This metamorphosis begins with a scene in which Faust is inspired to make man more powerful than the elements. Looking over the sea Faust is outraged claiming, "Why should men let things go on being the way they have always been? Isn't it about time for mankind to assert itself against nature's tyrannical arrogance, to confront natural forces in the name of "the free spirit that protects all rights"?

Faust now has a vision to transform the entire landscape around him into a great series of projects and developments to harness nature and turn civilization into the master of nature. Marshall writes, "We suddenly find ourselves at a nodal point in the history of modern self-awareness. We are witnessing the birth of a new social division of labor, a new vocation, a new relationship between ideas and practical life. Two radically different historical movements are converging and beginning to flow together. A great spiritual and cultural ideal is merging into an emerging material and social reality."

In order for Faust to do his work of development, he must align himself with the powers that be (for access to land and capital) - these powers being the remains of the Medieval Kingdoms ruled by an emperor or a "gang of pseudo-revolutionaries" backed by the church. He chooses to align himself with the Emperor. "Its main function is to give Faust and Mephisto an easy rationale for the political bargain they make: they lend their minds and their magic to the Emperor, to help him make his power newly solid and efficient. He, in exchange, will give them unlimited rights to develop the whole coastal region, including carte blanche to exploit whatever workers they need and displace whatever indigenous people are in their way."
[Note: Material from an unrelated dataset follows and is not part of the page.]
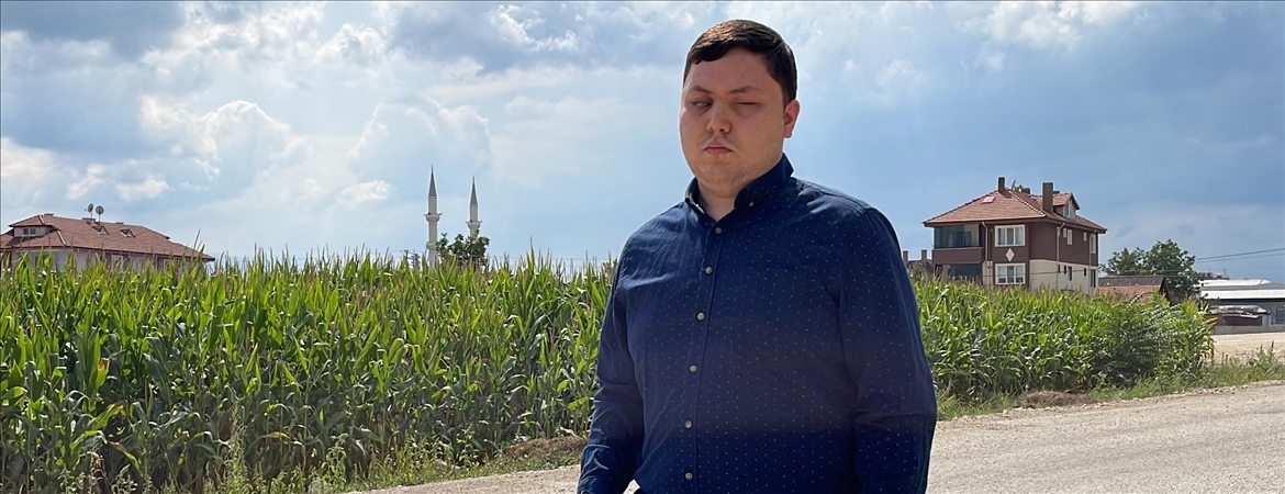 26 yaşındaki Topaç, anne ve babasının kan uyuşmazlığı nedeniyle yaşadığı rahatsızlık sonucu henüz 2 aylıkken görme yetisini yüzde 90 kaybetti.

In what follows Faust and Mephisto clear land and develop the world by guiding an industrial labor force. Many die, land is destroyed, and the indigenous people removed, but at the end, Faust finds himself standing on an artificial hill, "He knows he has made people suffer (“Human sacrifices bled, / Tortured screams would pierce the night. .-.”). But he is convinced that it is the common people, the mass of workers and sufferers, who will benefit most from his great works. In a sense, for Goethe, Faust 'The Developer' is the hero of the tragedy of Modernity. And as the book comes to a close there is a final drama which tragedizes Goethe's work of art.

After having finished his great work of development and creating a new world for all the people from the Gothic small-towns of the old world to find themselves in Modernity, Faust becomes obsessed with a small property of undeveloped land residing in his territory. An old couple on a small piece of land who help all in need must be removed to build an Observation Tower "which can gaze out into the infinite". Faust offers them a sum of money to resettle but they refuse. Now, Faust commits his first truly evil act. He commands a group of men guided by Mephisto to remove them by whatever costs. He doesn't want to know the details, he just wants it done. It is done overnight, and yet Faust becomes curious as to what happens and Mephisto tells him that they were killed.

He is outraged by this as, after all, he never asked for them to be killed! He sends Mephisto away and admonishes what happened. But he can not let it go, guilt consumes him. Marshall reads this episode as representing the Developers gross and evil need to destroy all that is in sight of the new world of the old world. "He comes to feel that it is terrifying to look back, to look the old world in the face." Standing over a balcony viewing the smoldering ruins of the old couple's property, 4 spirits suddenly come to him. Faust sends them all away except for the one called care. Marshall reads into this that the spirits coming to him in this entirely modern moment represents that "he is still beset by witchcraft, magic, ghosts in the night." Here Marshall Berman is insinuating that through care for the worlds old and new, the vanquished magic of the past still lives with him. Before the spirit care leaves him, he learns that his final evil act occurred because this whole time he has been guided by an inner darkness and ignorance.

=== Epilogue: The Faustian and Pseudo-Faustian Age ===

Here, Marshall Berman gives us his final critical insights into the overarching meaning of this exegesis of Goethe's Faust.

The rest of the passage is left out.